Buh-Bye

Tracy Quartermaine is leaving General Hospital. And I am sobbing. Tracy Quartermaine is a fictional character on a soap opera and I am wailing. “No, Tracy Quartermaine, please don’t leave us! You’re breaking my heart!” To say goodbyes aren’t my strong point is an understatement. Guess what? Nobody likes goodbyes. A good friend’s mother passed away in Trinidad this week. The rituals following the funeral take two weeks. In Mexico, its nine days. In the Jewish religion, there is the seven day mourning period known as Shiva. We all have an extended mourning period to say good bye. We need that time to come to terms with absence and loss and change. And this doesn’t only apply when a loved one passes away. I recently finished the second production with the Community Synagogue Theatre Company. Since the last curtain came down, we have had an adult cast party, a cast dinner, an upcoming cast gathering to view the video, countless Karaoke nights, and a girls night out to say goodbye to one of our loved ones who is moving away. We adore each other. We miss each other. We can’t believe we are not going to see each other three times a week for eternity. But the days pass, and we get together less, and we work and plan vacations and deal with children and honor commitments and live life.

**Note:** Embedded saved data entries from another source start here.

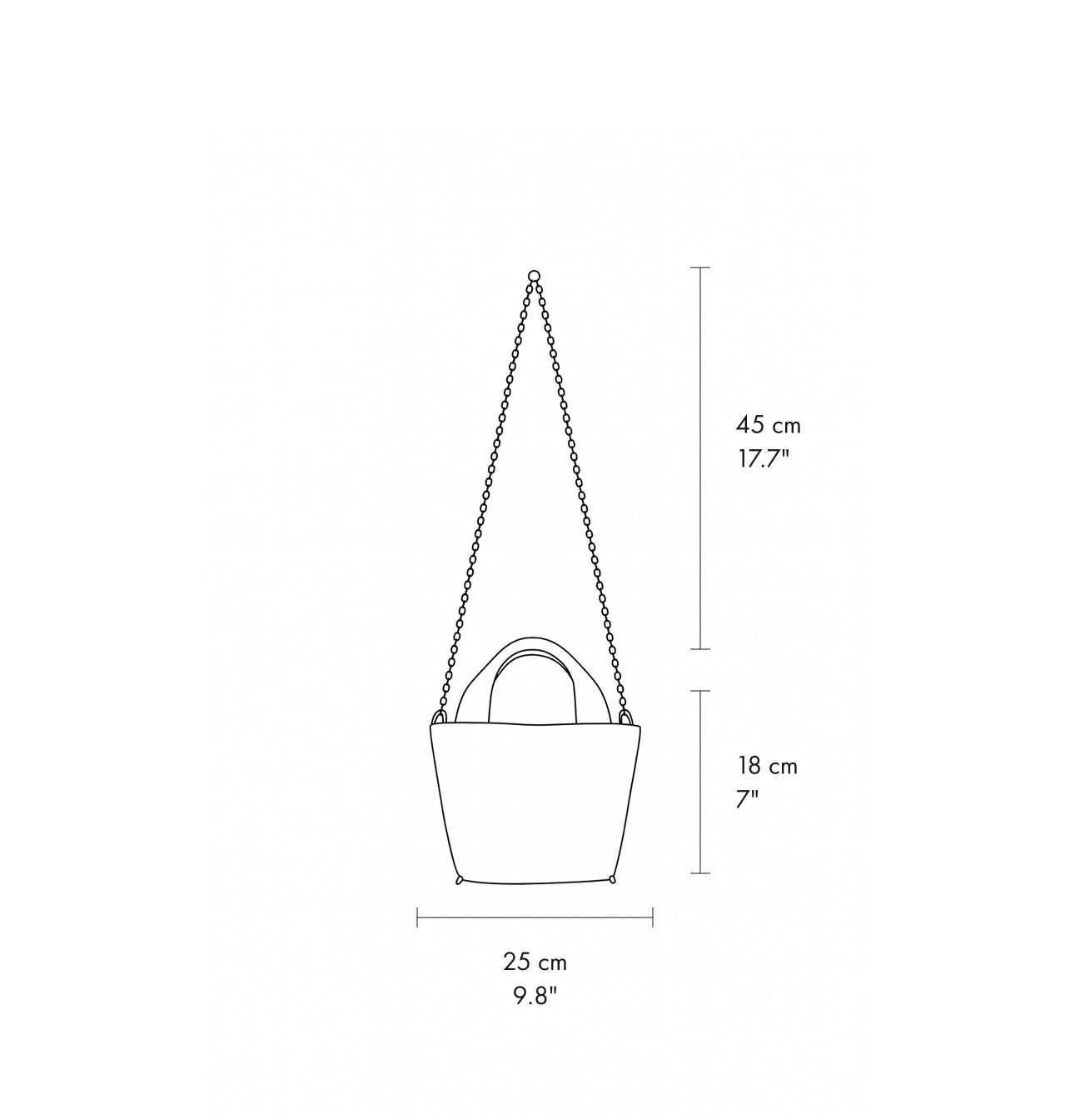 - Chain strap length: 100 cm / 39.4″, Strap drop: 45 cm / 17.7″
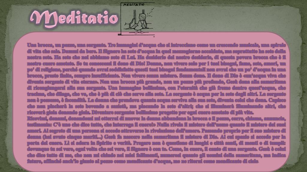 Oratio È toccato anche a me, Gesù: un giorno ti ho incontrato come un povero, come un assetato, come un viandante stanco che chiede aiuto. Hai dovuto vincere le mie reticenze, i miei sospetti ed i miei dubbi per offrirmi una possibilità nuova: un’acqua che zampilla per la vita eterna. Un po’ alla volta tu mi hai aperto gli occhi sulla mia esistenza, mi hai fatto riconoscere i miei fallimenti e le mie ferite, i miei peccati e le mie infedeltà. Tu mi hai condotto all’essenziale, a quello che conta veramente e ti sei rivelato come l’Inviato di Dio, il Messia, il suo Cristo. È toccato anche a me, Signore, ad uno dei pozzi della storia di incontrarti e di riconoscerti come il Salvatore, come l’Unico capace di colmare la mia sete più profonda. Aspettaci, Signore, al pozzo dell’incontro, nell’ora provvidenziale che scocca per ognuno. Presèntati e parlaci per primo, tu mendicante ricco dell’unica acqua viva. Distoglici, pian piano, da tanti desideri, da tanti amori effimeri che ancora ci trattengono. Riportaci in noi stessi, nel centro più segreto dove nessun altro giunge. Tra le dure pietre dell’orgoglio, il fango dei compromessi, la sabbia dei rimandi, scava tu stesso un varco al tuo Santo Spirito. Amen.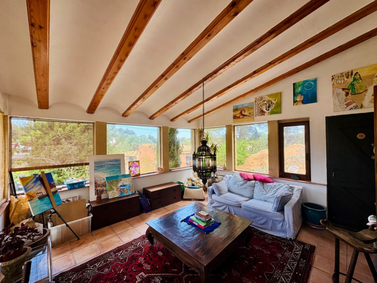 A Montgo természeti park közepén található ez az autentikus mediterrán villa potenciállal. Garantált zöld terület, ahol új építkezés nem megengedett, csendes helyen még csak 8 percre a nyüzsgő központjában Javea. Egy elektromos tolókapun keresztül a lakókocsival, 4 autós parkolóval és egy kis Casitához való közvetlen hozzáféréssel, melyet pillanatnyilag műteremként használnak. a háznak és a vendégháznak is saját bejárata van.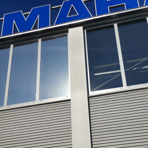 Moderne Glasfassade eines Bürogebäudes in Geretsried mit maßgeschneiderter Flachglas-Sonnenschutzfolie für effektiven Hitzeschutz und UV-Schutz von c&w – das Werbezentrum.

Until the next time, when we will squeal, and embrace and scoop up children who have grown six inches in the last year and start all over again. Life will always include goodbyes. Some are temporary. Some are not. The trick is to not look back and be sad for what is gone, but to be grateful for what was here, to embrace what is happening now, and hopeful for what will come. Thanks for the memories, Tracy Quartermaine.